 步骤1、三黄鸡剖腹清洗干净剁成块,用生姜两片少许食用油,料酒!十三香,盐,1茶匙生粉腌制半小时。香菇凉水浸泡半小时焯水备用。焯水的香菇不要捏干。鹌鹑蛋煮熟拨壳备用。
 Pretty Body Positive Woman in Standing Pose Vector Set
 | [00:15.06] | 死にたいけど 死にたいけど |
══════
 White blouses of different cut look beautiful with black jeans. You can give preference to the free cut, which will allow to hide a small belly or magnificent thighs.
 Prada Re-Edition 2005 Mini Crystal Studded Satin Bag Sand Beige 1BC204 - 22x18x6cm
══════
- _EXERCISE_: Would you quote everything above from the line containing "步骤1、三黄鸡剖腹清洗干净剁" down to the line containing "死にたいけど 死にたいけど |"? Include both of those lines and nothing else.

- _OUTPUT OF THE EXERCISE_:
 步骤1、三黄鸡剖腹清洗干净剁成块,用生姜两片少许食用油,料酒!十三香,盐,1茶匙生粉腌制半小时。香菇凉水浸泡半小时焯水备用。焯水的香菇不要捏干。鹌鹑蛋煮熟拨壳备用。
 Pretty Body Positive Woman in Standing Pose Vector Set
 | [00:15.06] | 死にたいけど 死にたいけど |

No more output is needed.